_DATA FOR THIS EXERCISE_.
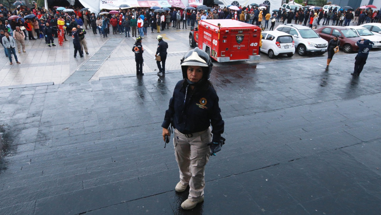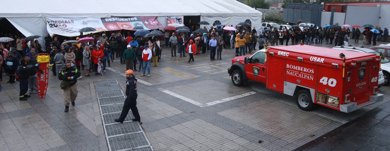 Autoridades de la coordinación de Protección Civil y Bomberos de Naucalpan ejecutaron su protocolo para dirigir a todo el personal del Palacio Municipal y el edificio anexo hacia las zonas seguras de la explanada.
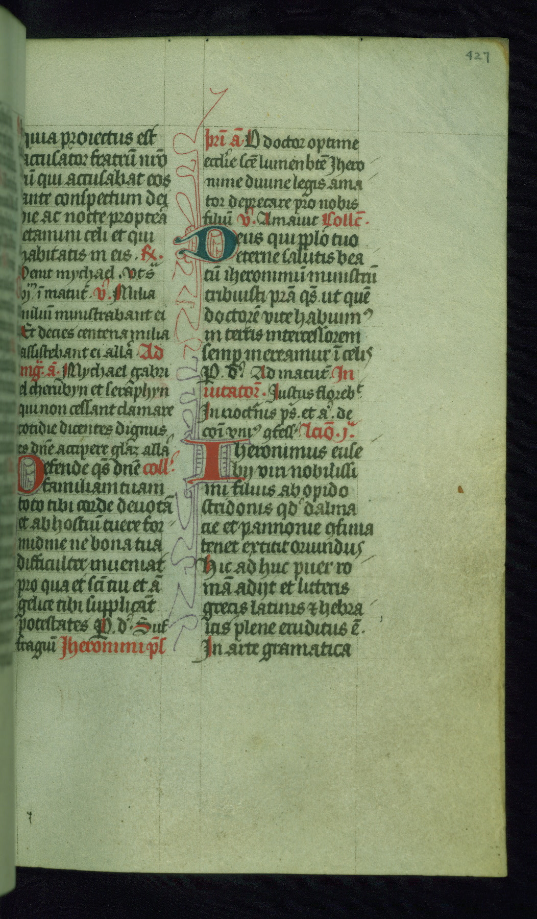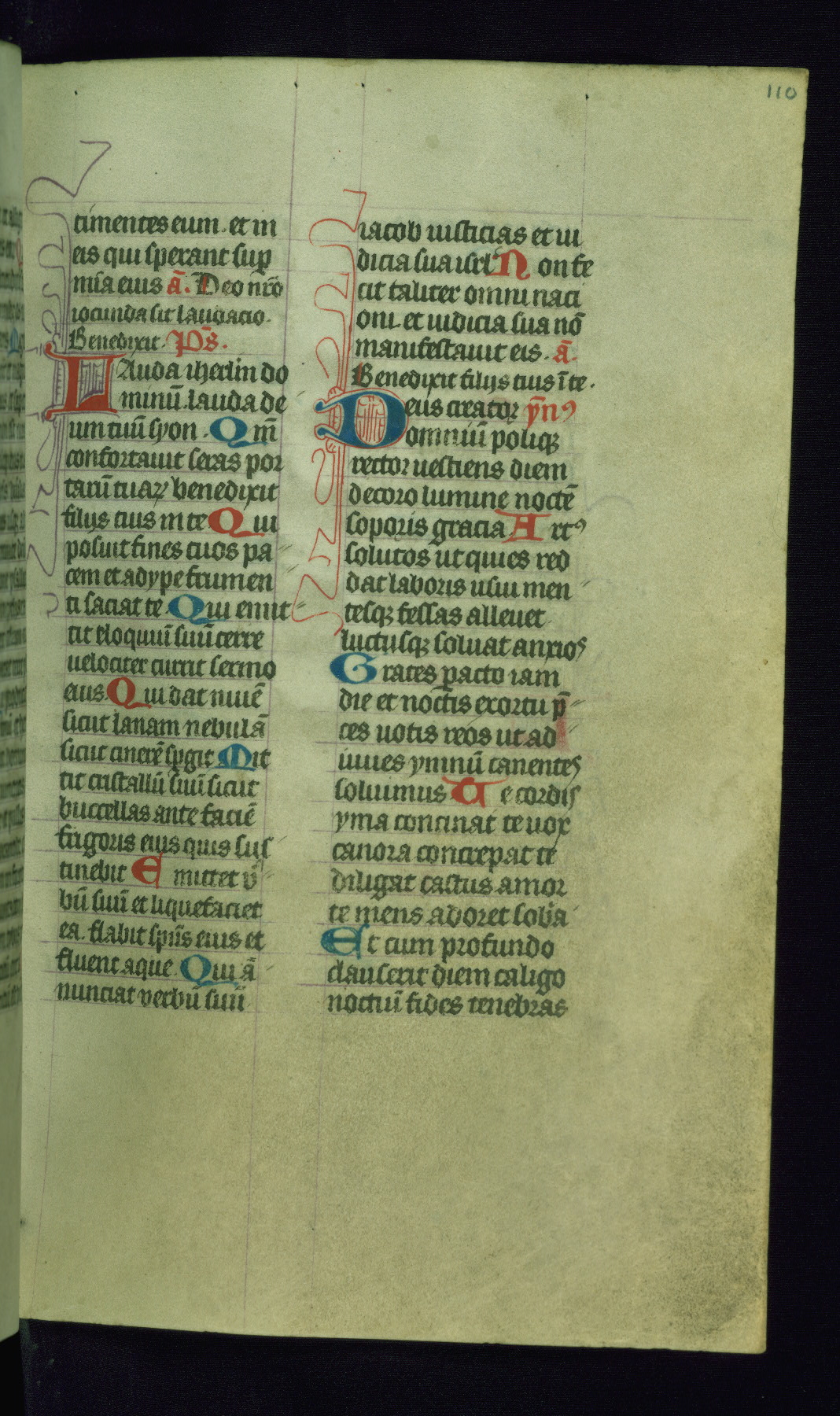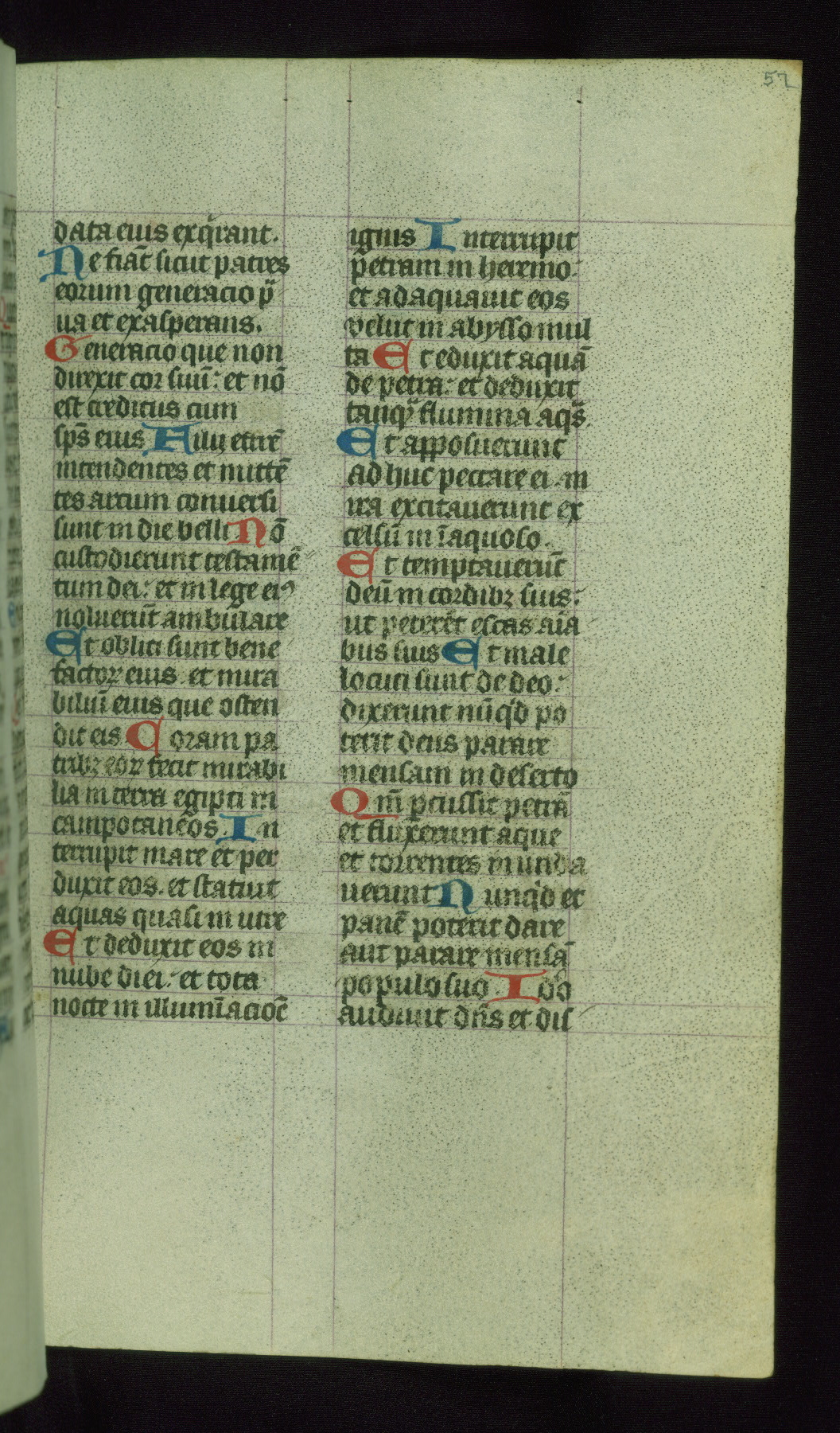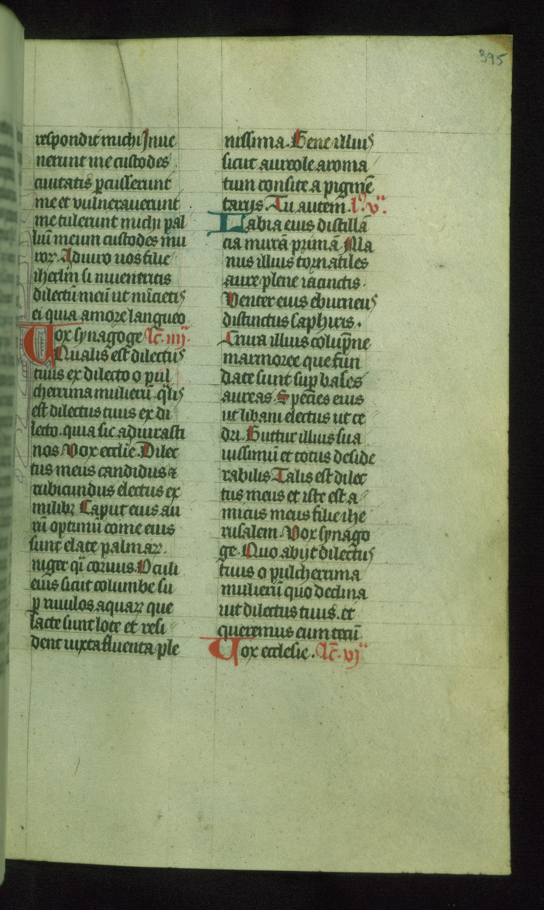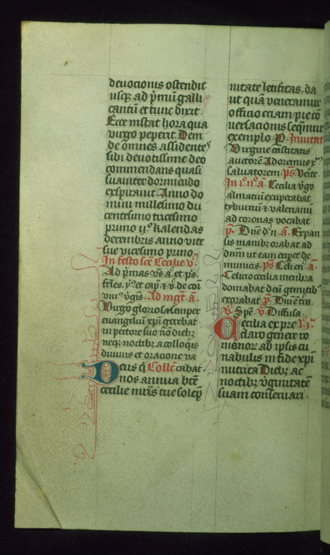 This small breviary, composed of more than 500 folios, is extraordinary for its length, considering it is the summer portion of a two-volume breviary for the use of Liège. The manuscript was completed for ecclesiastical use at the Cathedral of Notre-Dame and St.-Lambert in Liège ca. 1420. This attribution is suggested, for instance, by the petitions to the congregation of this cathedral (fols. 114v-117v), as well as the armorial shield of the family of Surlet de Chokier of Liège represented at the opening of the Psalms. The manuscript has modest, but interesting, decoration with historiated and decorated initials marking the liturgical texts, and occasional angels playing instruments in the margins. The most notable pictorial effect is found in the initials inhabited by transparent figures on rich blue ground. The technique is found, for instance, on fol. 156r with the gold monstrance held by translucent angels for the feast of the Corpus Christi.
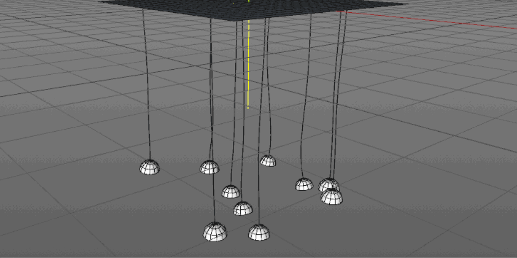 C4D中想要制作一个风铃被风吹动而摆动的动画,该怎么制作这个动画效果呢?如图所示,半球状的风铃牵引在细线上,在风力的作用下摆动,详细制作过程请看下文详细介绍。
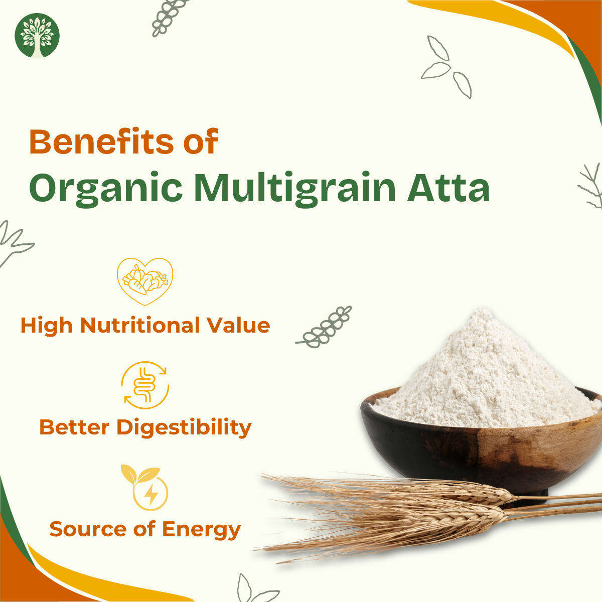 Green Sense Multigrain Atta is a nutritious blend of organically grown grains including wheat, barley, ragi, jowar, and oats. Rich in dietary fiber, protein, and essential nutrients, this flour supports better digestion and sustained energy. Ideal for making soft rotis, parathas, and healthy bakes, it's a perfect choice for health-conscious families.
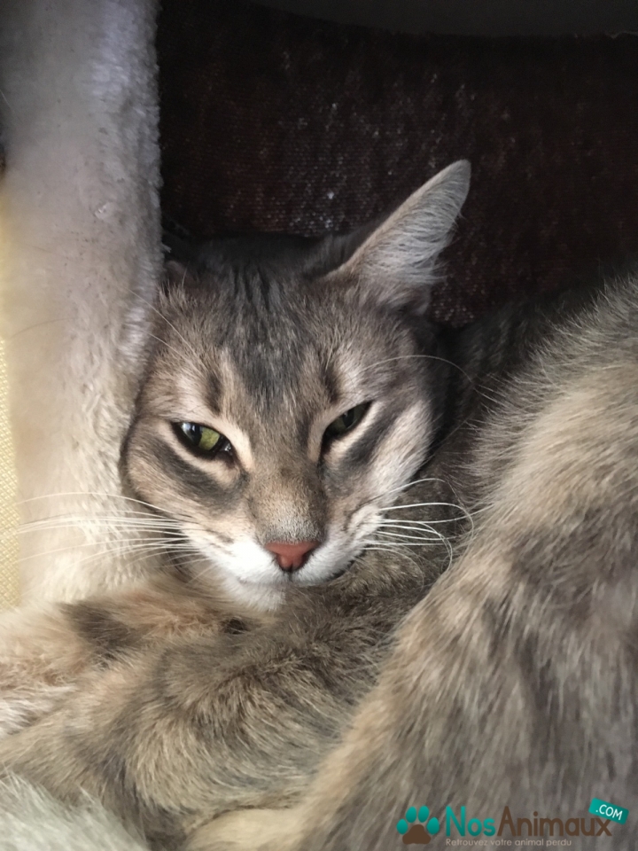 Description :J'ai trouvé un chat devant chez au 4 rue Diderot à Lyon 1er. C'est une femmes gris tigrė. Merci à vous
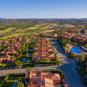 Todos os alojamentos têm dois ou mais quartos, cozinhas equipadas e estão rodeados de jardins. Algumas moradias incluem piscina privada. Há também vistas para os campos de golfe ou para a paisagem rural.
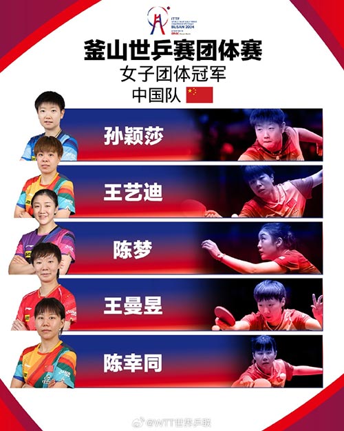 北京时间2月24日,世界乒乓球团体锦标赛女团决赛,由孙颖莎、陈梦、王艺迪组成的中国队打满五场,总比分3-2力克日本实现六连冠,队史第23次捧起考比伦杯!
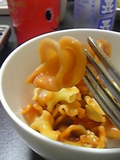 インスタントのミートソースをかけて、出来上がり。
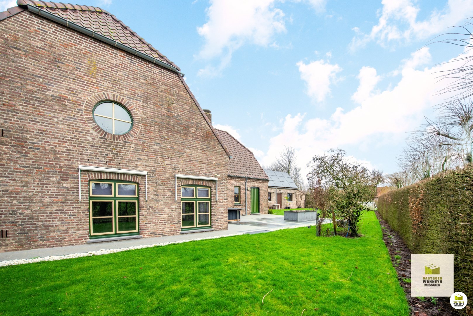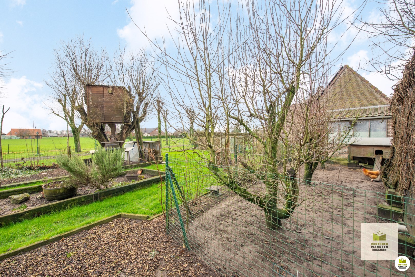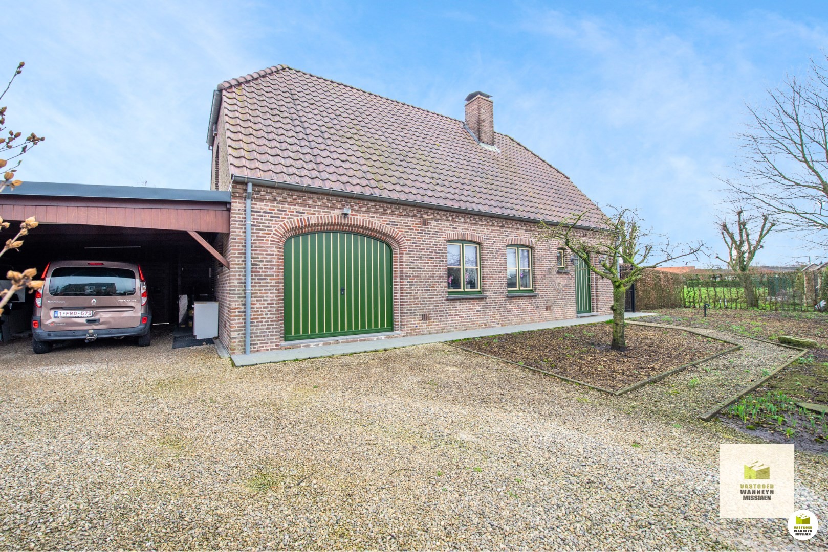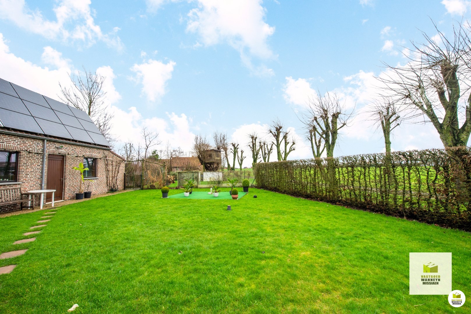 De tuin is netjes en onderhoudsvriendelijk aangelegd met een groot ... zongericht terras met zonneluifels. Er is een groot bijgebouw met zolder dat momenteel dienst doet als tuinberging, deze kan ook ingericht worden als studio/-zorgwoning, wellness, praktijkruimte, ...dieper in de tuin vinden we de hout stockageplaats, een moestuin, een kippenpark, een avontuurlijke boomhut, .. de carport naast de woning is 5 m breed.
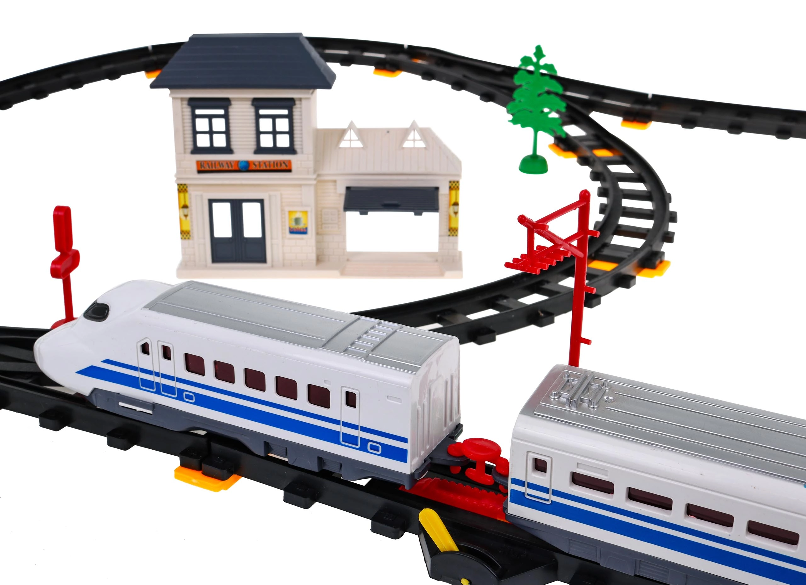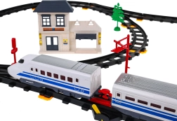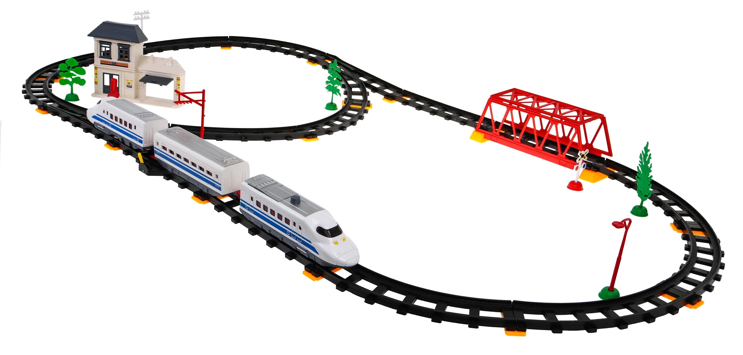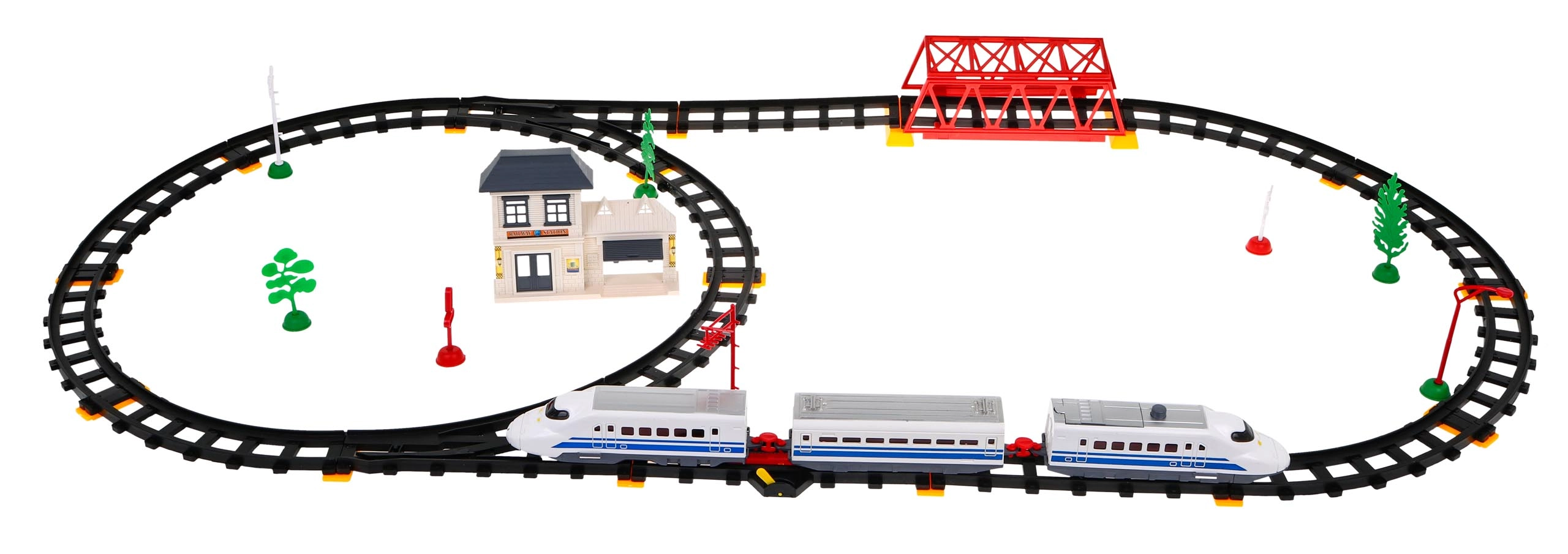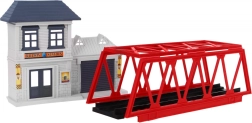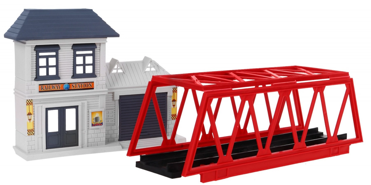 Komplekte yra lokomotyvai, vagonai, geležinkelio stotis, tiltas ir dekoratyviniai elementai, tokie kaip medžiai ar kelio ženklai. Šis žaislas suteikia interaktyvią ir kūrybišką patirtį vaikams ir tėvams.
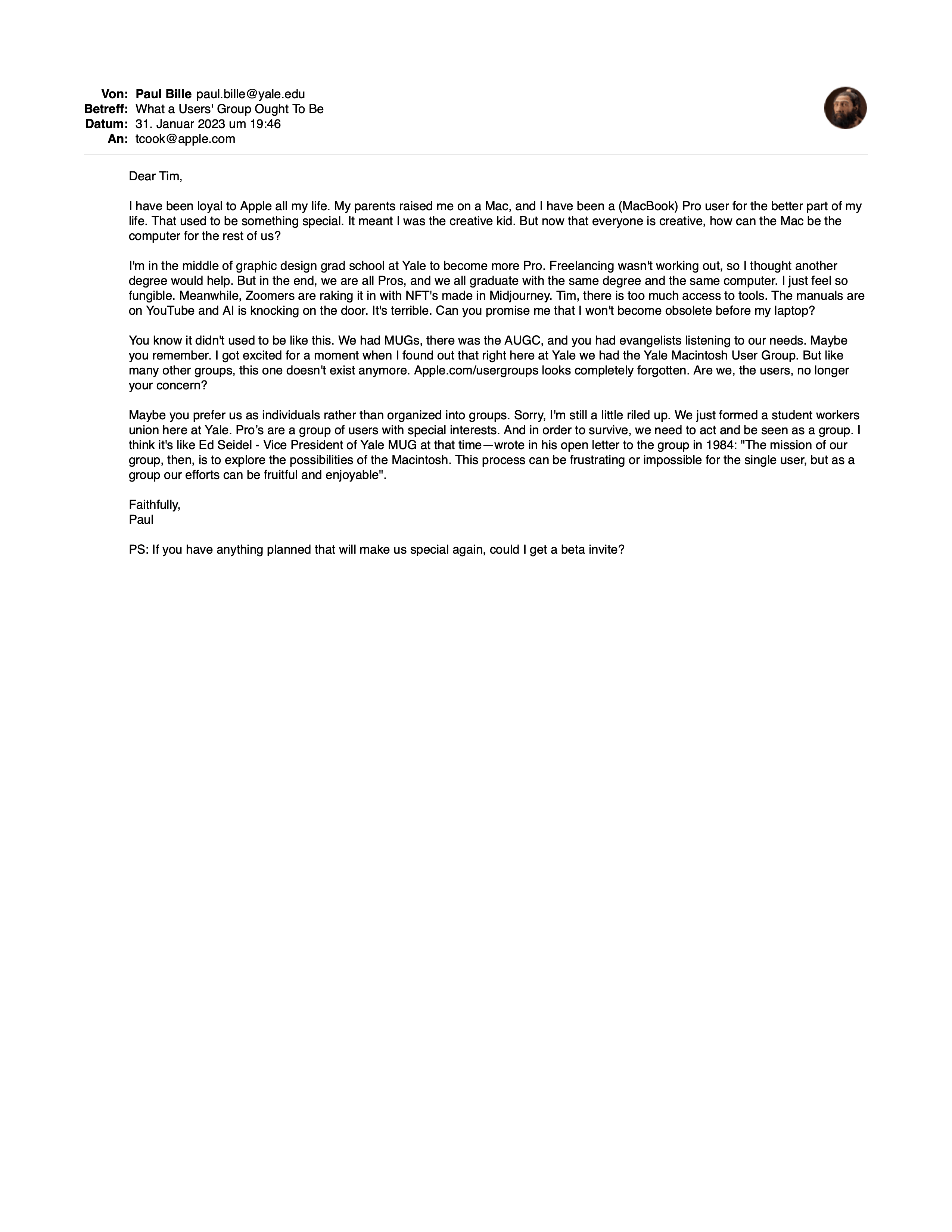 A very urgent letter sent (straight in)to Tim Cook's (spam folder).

_TASK ITEM_.
Type out all of the records exactly, leaving out any picture.

_TASK SOLUTION_.
 Autoridades de la coordinación de Protección Civil y Bomberos de Naucalpan ejecutaron su protocolo para dirigir a todo el personal del Palacio Municipal y el edificio anexo hacia las zonas seguras de la explanada.
 This small breviary, composed of more than 500 folios, is extraordinary for its length, considering it is the summer portion of a two-volume breviary for the use of Liège. The manuscript was completed for ecclesiastical use at the Cathedral of Notre-Dame and St.-Lambert in Liège ca. 1420. This attribution is suggested, for instance, by the petitions to the congregation of this cathedral (fols. 114v-117v), as well as the armorial shield of the family of Surlet de Chokier of Liège represented at the opening of the Psalms. The manuscript has modest, but interesting, decoration with historiated and decorated initials marking the liturgical texts, and occasional angels playing instruments in the margins. The most notable pictorial effect is found in the initials inhabited by transparent figures on rich blue ground. The technique is found, for instance, on fol. 156r with the gold monstrance held by translucent angels for the feast of the Corpus Christi.
 C4D中想要制作一个风铃被风吹动而摆动的动画,该怎么制作这个动画效果呢?如图所示,半球状的风铃牵引在细线上,在风力的作用下摆动,详细制作过程请看下文详细介绍。
 Green Sense Multigrain Atta is a nutritious blend of organically grown grains including wheat, barley, ragi, jowar, and oats. Rich in dietary fiber, protein, and essential nutrients, this flour supports better digestion and sustained energy. Ideal for making soft rotis, parathas, and healthy bakes, it's a perfect choice for health-conscious families.
 Description :J'ai trouvé un chat devant chez au 4 rue Diderot à Lyon 1er. C'est une femmes gris tigrė. Merci à vous
 Todos os alojamentos têm dois ou mais quartos, cozinhas equipadas e estão rodeados de jardins. Algumas moradias incluem piscina privada. Há também vistas para os campos de golfe ou para a paisagem rural.
 北京时间2月24日,世界乒乓球团体锦标赛女团决赛,由孙颖莎、陈梦、王艺迪组成的中国队打满五场,总比分3-2力克日本实现六连冠,队史第23次捧起考比伦杯!
 インスタントのミートソースをかけて、出来上がり。
 De tuin is netjes en onderhoudsvriendelijk aangelegd met een groot ... zongericht terras met zonneluifels. Er is een groot bijgebouw met zolder dat momenteel dienst doet als tuinberging, deze kan ook ingericht worden als studio/-zorgwoning, wellness, praktijkruimte, ...dieper in de tuin vinden we de hout stockageplaats, een moestuin, een kippenpark, een avontuurlijke boomhut, .. de carport naast de woning is 5 m breed.
 Komplekte yra lokomotyvai, vagonai, geležinkelio stotis, tiltas ir dekoratyviniai elementai, tokie kaip medžiai ar kelio ženklai. Šis žaislas suteikia interaktyvią ir kūrybišką patirtį vaikams ir tėvams.
 A very urgent letter sent (straight in)to Tim Cook's (spam folder).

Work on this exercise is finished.